This is a preprint for a column I wrote in the Journal of Electronic Resources Librarianship called Memo from the Systems Office. The edited version appeared in Volume 20, Issue 2
The Knowledgebase Kibbutz
As libraries’ collections increasingly go digital, so too does their dependence on knowledgebases to access and maintain these electronic holdings. Somewhat different than other library-based knowledge management systems (catalogs, institutional repositories, etc.), the data found in the knowledgebases of link resolvers or electronic resource management systems is not generally modeled, created or updated by librarians (although, admittedly, a lot of local work is done to modify or fix this data). Much like the subscription based resources they track, it is difficult to know what exactly libraries are allowed to do with their knowledgebase data. What is known is that a handful of companies are doing roughly the same work and their customers are often simultaneously fixing the same errors and inaccuracies in the data these vendors are aggregating. The entire process is proprietary, inefficient and redundant and is controlled by bevy of players that have no incentive to change. A centralized, standardized approach, maintained by librarians, publishers and vendors could not only reduce total cost of ownership, but also improve the quality of the data as well as the services built upon such a repository.
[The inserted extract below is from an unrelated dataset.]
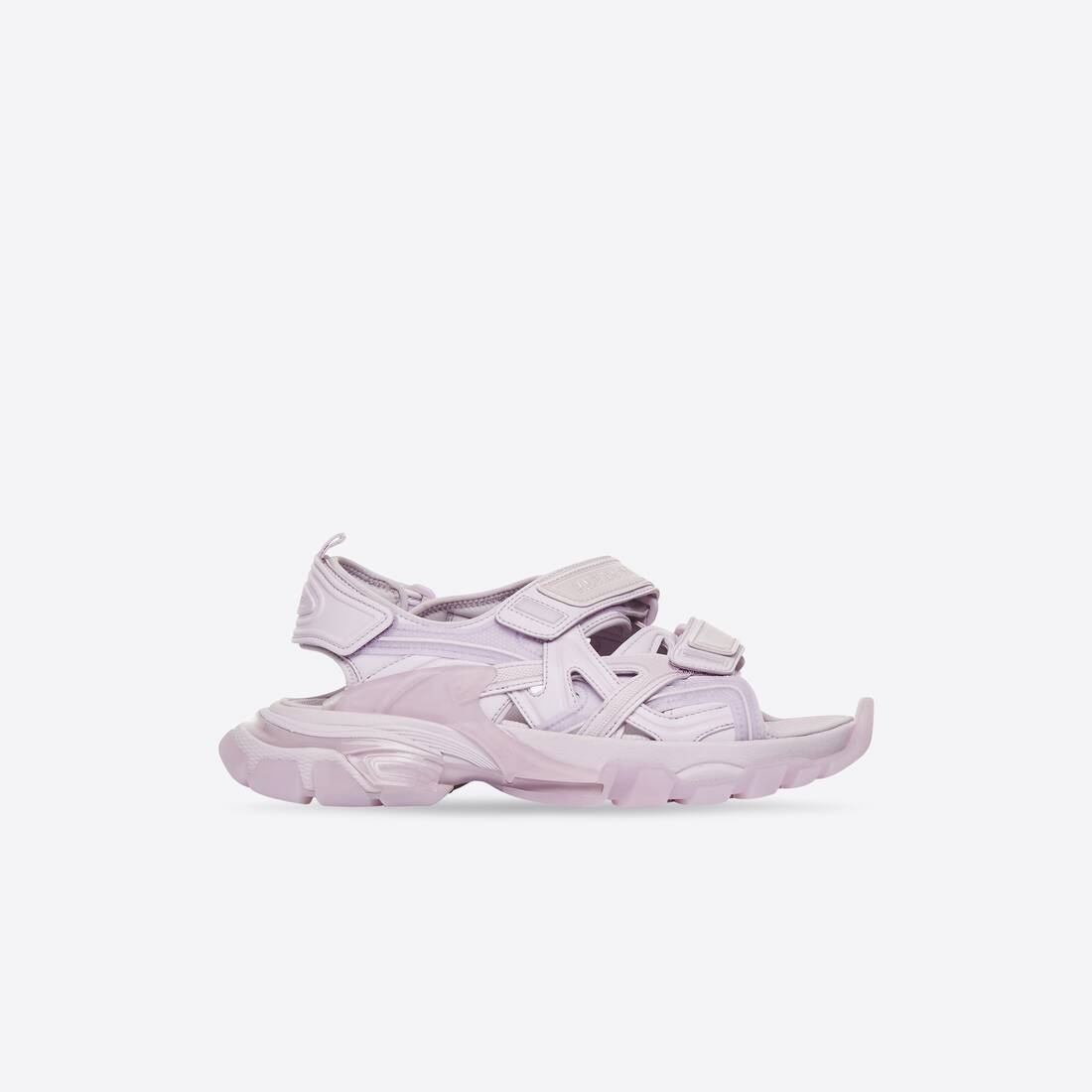 Track Clear Sole Sandal in light purple neoprene and rubber, light purple clear sole unit PRODUCT DETAILS • Neoprene and rubber • 84 overlayered elements on each upper • Balenciaga embossed at the back of the heel • BB embossed on outsole’s front • Back pull-on tab • Balenciaga logo embossing on Velcro strap • Dynamic clear sole design with an augmented back to propels feet forward • Made in China • Wipe with a soft cloth Material: 95% polyurethane + 5% polyester

Last spring, the UK Serials Group (UKSG) issued a report titled “Link Resolvers and the Serials Supply Chain”  aimed squarely at this issue (full disclosure: my employer, Talis, is a member of the UKSG Knowledge Bases and Related Technologies working group ). It discussed the reasons the current environment evolved the way it did, the problems and inefficiencies that exist with the status quo, and a possible, centralized alternative to improve the situation. Interestingly, the proposal put forth assumed a single organization would be responsible to shepherd such a service instead of relying on a distributed, social software based, Web 2.0 method to maintain this knowledge (although, obviously, someone or some thing would still have to host such a service). In the course of the report, the authors give a passing, somewhat dismissive, mention of the Jointly Administered Knowledge Environment (JAKE), which, although it ran out of steam years before the term “Web 2.0” was even coined, was based entirely on those principles.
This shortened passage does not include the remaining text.